─── EXCERPTED RECORDS

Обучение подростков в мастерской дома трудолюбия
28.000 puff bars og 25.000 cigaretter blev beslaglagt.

──────
─── EXCERPTED RECORDS

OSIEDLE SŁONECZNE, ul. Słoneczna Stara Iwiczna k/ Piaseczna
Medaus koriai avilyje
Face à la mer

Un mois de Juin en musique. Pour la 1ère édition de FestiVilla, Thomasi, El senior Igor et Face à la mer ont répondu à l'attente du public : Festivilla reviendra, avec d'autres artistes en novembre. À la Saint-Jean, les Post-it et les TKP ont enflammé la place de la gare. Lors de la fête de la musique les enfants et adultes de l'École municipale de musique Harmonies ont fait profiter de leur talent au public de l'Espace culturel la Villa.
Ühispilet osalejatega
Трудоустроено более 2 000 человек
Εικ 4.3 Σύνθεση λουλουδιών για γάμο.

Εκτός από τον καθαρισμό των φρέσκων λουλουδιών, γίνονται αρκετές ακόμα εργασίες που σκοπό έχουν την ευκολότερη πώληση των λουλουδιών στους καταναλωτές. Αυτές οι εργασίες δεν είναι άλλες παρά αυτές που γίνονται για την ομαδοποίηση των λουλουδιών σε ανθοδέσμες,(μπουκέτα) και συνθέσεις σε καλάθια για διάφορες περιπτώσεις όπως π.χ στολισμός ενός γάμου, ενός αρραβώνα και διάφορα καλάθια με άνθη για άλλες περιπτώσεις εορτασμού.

──────

§ TASK INSTRUCTIONS
In the entries above, the lines from the one bearing "Обучение подростков в" up to and including the one bearing "28.000 puff bars" should be transcribed exactly; no other line is wanted.

§ EXPECTED OUTPUT
Обучение подростков в мастерской дома трудолюбия
28.000 puff bars og 25.000 cigaretter blev beslaglagt.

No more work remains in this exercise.